Here’s what you need to know from his speech.

Putin backing Trump “witch hunt” claims

Putin came to the defense of former President Trump and his legal troubles, saying the charges against him are politically motivated and signal the “rottenness” of the U.S. political system.

“Everything that’s happening with Trump is politically motivated persecution of one’s political rival, that’s what it is,” Putin said. “And it’s being done before the eyes of the U.S. public and the whole world. They’ve simply exposed their internal problems.”

But he also sees no changes on the horizon for U.S.-Russia relations, no matter the outcome of the 2024 election.

“There will be no fundamental changes in the Russian direction in U.S. foreign policy, no matter who is elected president,” he said. “The U.S. authorities perceive Russia as an existential enemy.”

Trump’s legal battles have filled his campaign schedule with court dates, but have not appeared to significantly hurt his chances at the GOP nomination for president. He remains the favorite for Republicans to take on Biden next November.

Elon Musk is “an outstanding person”

The Russian president had complimentary words for tech entrepreneur Elon Musk, who has come into controversy recently as excerpts of an upcoming biography confirmed that Musk limited Ukraine’s ability to use Starlink satellite internet during an offensive against Russian forces last year.

Putin called Musk “an outstanding person” and “an active, talented businessman,” though he did not directly refer to the Starlink controversy.

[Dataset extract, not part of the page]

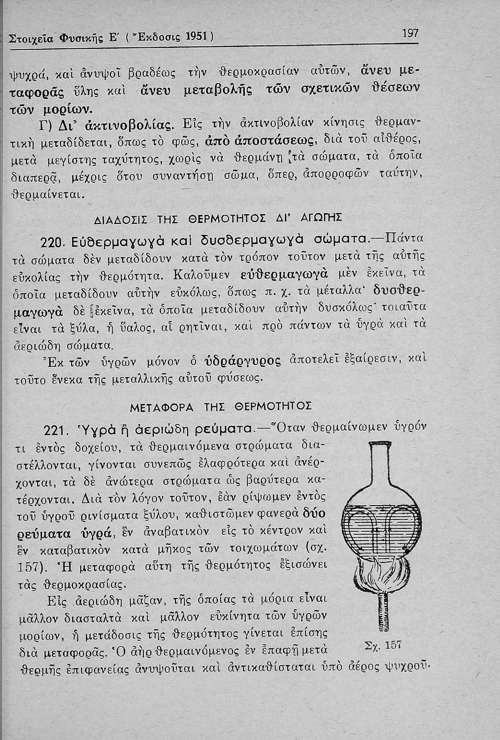 Σχολικό εγχειρίδιο της Ε΄ Γυμνασίου για το μάθημα της Φυσικής στο Γυμνάσιο . Παρέχει βασικές γνώσεις της φυσικής επιστήμης. Αναλύει τις κινήσεις, τη μηχανική, τη βαρύτητα, την υδροστατική πίεση, την αεροστατική, την θερμότητα, τη μετεωρολογία, την ακουστική. Αναφέρεται στην πρακτική εφαρμογή της φυσικής στην καθημερινότητά. Επίσης, περιλαμβάνει πολλά από τα όργανα, που χρησιμοποιούνται στη φυσική. Περιέχει εικόνες και σχεδιαγράμματα τα οποία βοηθούν τη διδασκαλία.

The incident has brought Musk criticism from senior Ukrainian government officials. Musk claimed he made the decision to limit Starlink access because he did not want to be responsible for the war’s consequences.

Ukraine peace talks not expected any time soon

Putin said he does not expect the war in Ukraine to end soon and signaled that he would not be in favor of a ceasefire that he said could help Ukraine recover and rearm its forces.

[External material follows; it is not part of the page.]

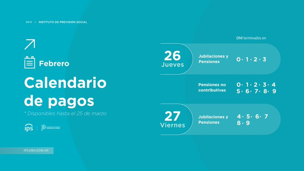 El Instituto de Previsión Social (IPS) de la provincia de Buenos Aires publicó el calendario de pagos de febrero 2026 para jubilados y pensionados bonaerenses.

Any potential end to the war would require peace talks, which Ukraine has refused to hold, citing Russia’s rejection of its demands, including the cession of all formerly Ukrainian land back to Ukraine.

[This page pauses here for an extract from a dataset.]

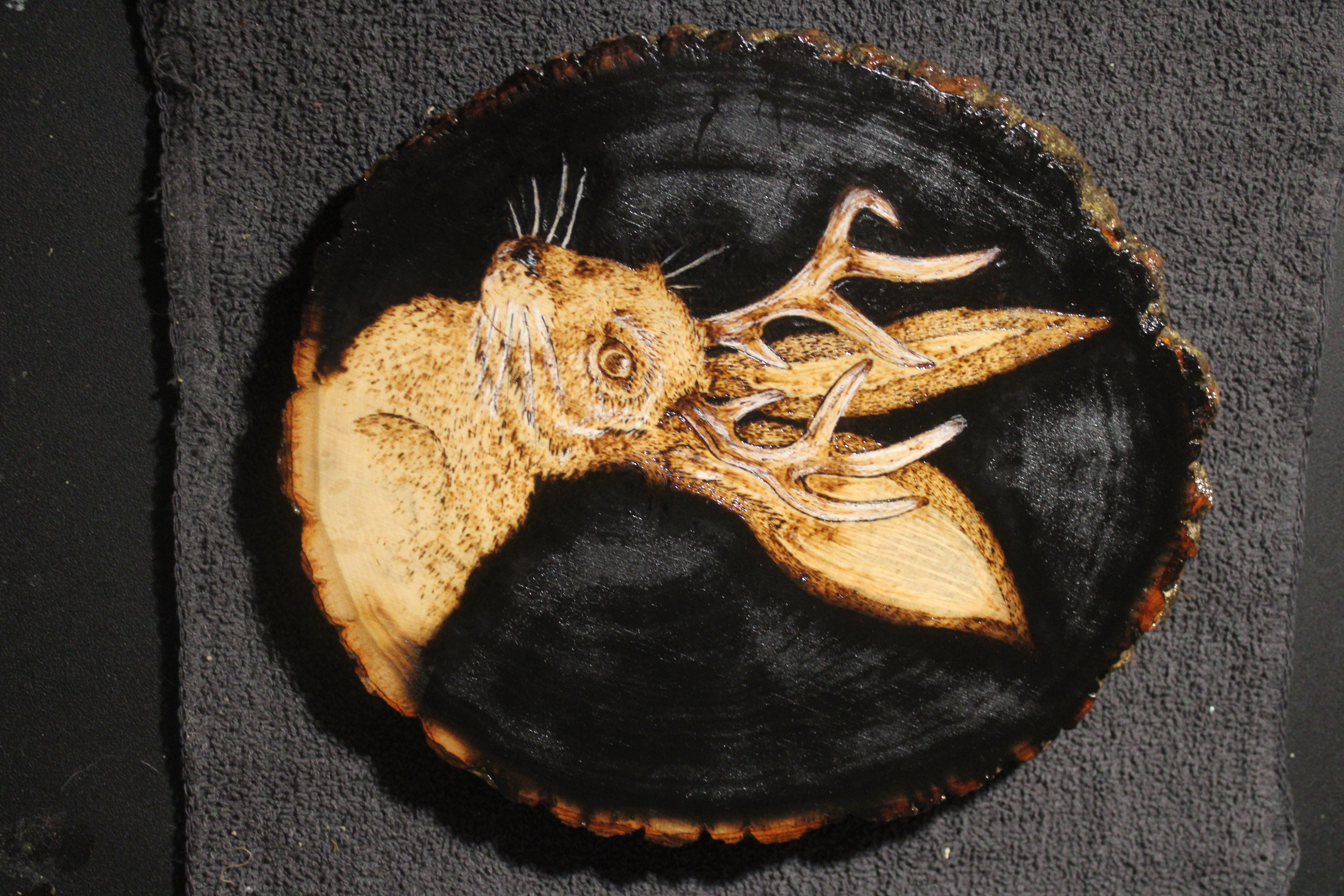 This time up is the most recent creation of the very talented Erika Voss of Scratched & Burnt, a wood burning of a jackalope.

Once Ukraine is willing to propose different requirements, Putin said peace negotiations could be considered.

“Then we shall see,” he said.

Ukraine is in the midst of a counteroffensive in the country’s eastern region, which has reportedly broken through Russia’s initial lines in recent days. 

The war, which has now lasted for more than a year and a half, has destroyed countless villages and cities throughout eastern Ukraine and killed nearly 500,000 soldiers on both sides, the U.S. has estimated.

Military experts have estimated that there could be less than two months left before winter weather forces the fighting to stop for the year.

Russia’s alternative to the Olympics

Putin also used the stage to poke fun at the Olympics, which will hold its 2024 games in Paris next summer. 

Russia has been excluded from the Olympics in recent years due to doping scandals among its teams. Russian athletes competed under a neutral banner dubbed the “Russian Olympic Committee” in the 2020 and 2022 games.

Putin announced the return of the Friendship Games, a rival to the Olympics which was originally run in 1984 by the Soviet Union after Soviet-bloc states boycotted the 1984 Los Angeles Olympics. 

The new Friendship Games will be “within the BRICS framework,” Putin said, referring to the loose economic and diplomatic alliance between Brazil, Russia, India, China and South Africa.

The Russian alternative games will be held next fall, after the Paris Olympics, and will “kill today’s international structures,” Putin said.

He also took the opportunity to criticize the International Olympic Committee, which he said was bringing politics into a sporting event intended to unite countries.

“The International Olympic Committee itself, they are distorting the original idea of ​​Pierre de Coubertin — sport should be outside of politics. It should not divide, but unite people,“ he said.

Soviet intervention in Hungary, Czechoslovakia was a “mistake”

Putin also reflected on Soviet history, saying that military interventions during anti-Soviet unrest in Budapest and Prague during the heart of the Cold War were mistakes.

“We have long recognized that this element of Soviet policy was a mistake and led only to tensions in relations,” Putin said.

The 1956 Hungarian Uprising lasted just 12 days and ended when the Soviet Union invaded the country, killing an estimated 3,000 civilians. The 1968 Prague Spring was a similar liberalization movement, which was crushed by military force a decade later.